* Work task *
Copy exactly the lines of the material below that fall between the line with "Шляпа от Loevenich" and the line with "См.: Панель обивки", both of those lines included; pictures stay out.

* Data to examine *

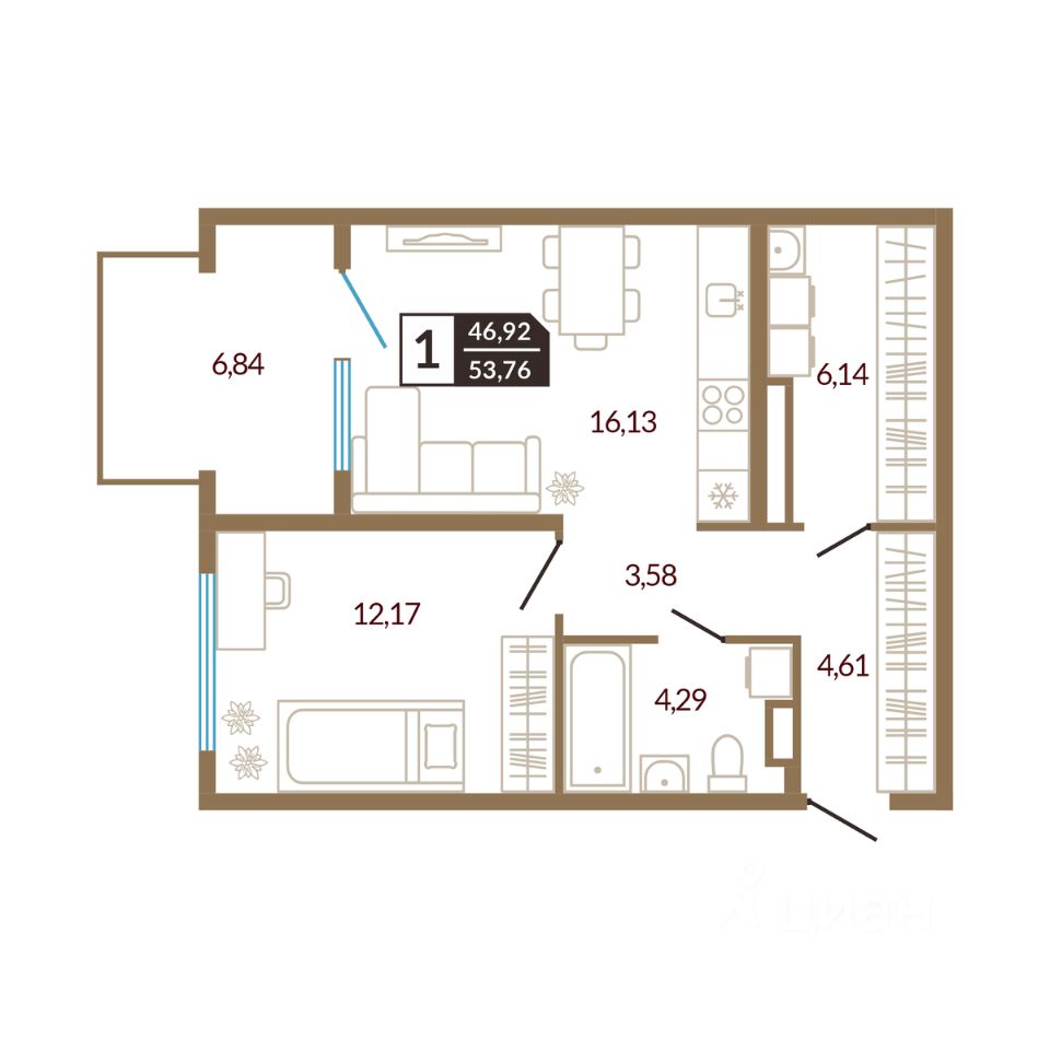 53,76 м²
==
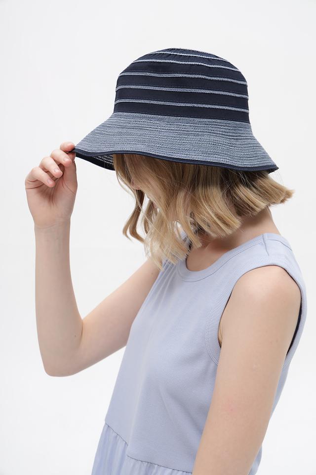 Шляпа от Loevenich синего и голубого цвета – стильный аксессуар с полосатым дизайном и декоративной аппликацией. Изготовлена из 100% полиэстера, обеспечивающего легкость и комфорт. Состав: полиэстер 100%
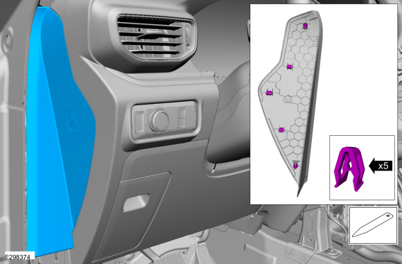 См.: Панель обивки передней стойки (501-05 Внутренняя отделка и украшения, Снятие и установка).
---
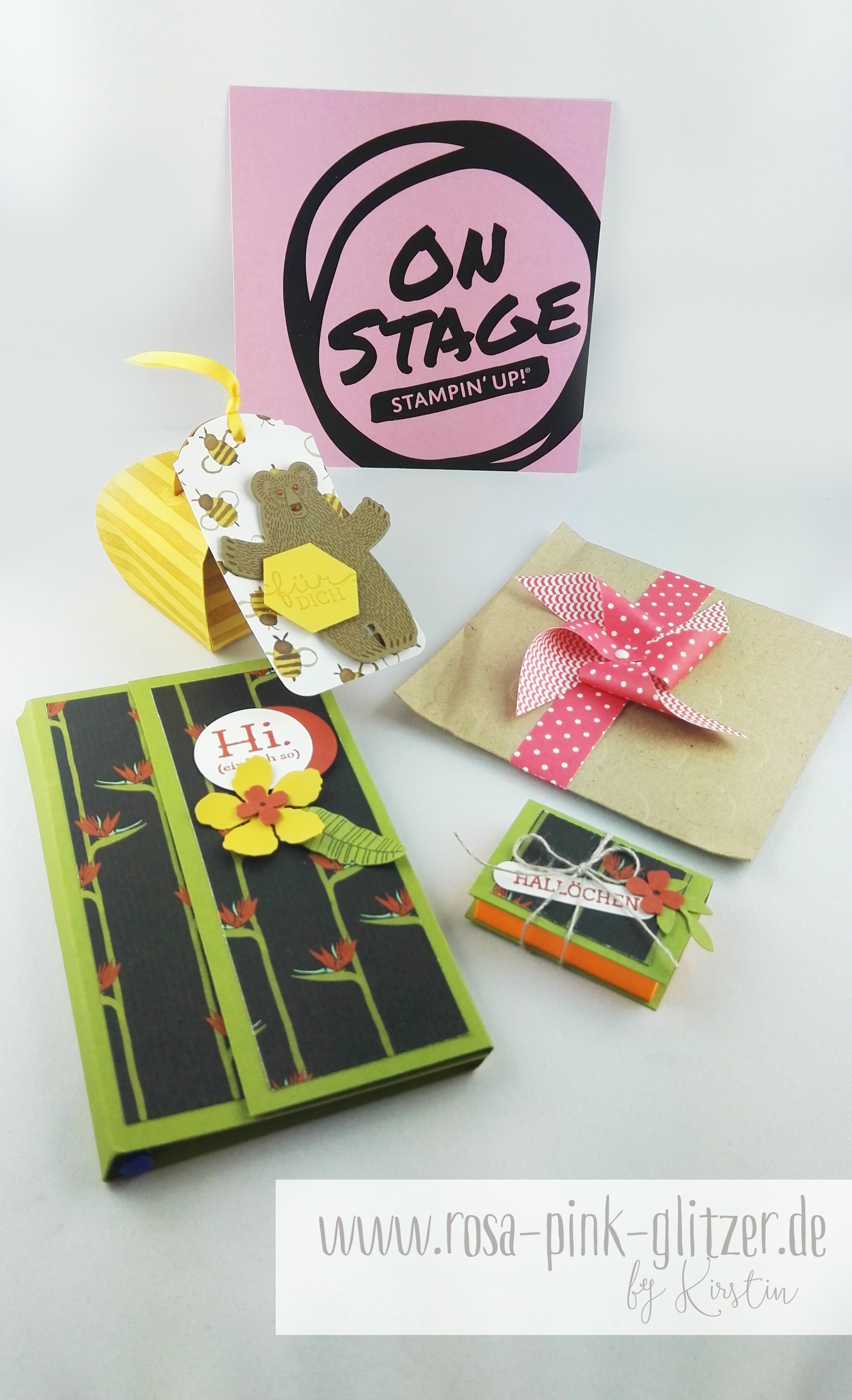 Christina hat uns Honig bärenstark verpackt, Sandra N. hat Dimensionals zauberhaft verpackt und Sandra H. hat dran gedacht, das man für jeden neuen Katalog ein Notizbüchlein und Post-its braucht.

* Solution to this exercise *
 Шляпа от Loevenich синего и голубого цвета – стильный аксессуар с полосатым дизайном и декоративной аппликацией. Изготовлена из 100% полиэстера, обеспечивающего легкость и комфорт. Состав: полиэстер 100%
 См.: Панель обивки передней стойки (501-05 Внутренняя отделка и украшения, Снятие и установка).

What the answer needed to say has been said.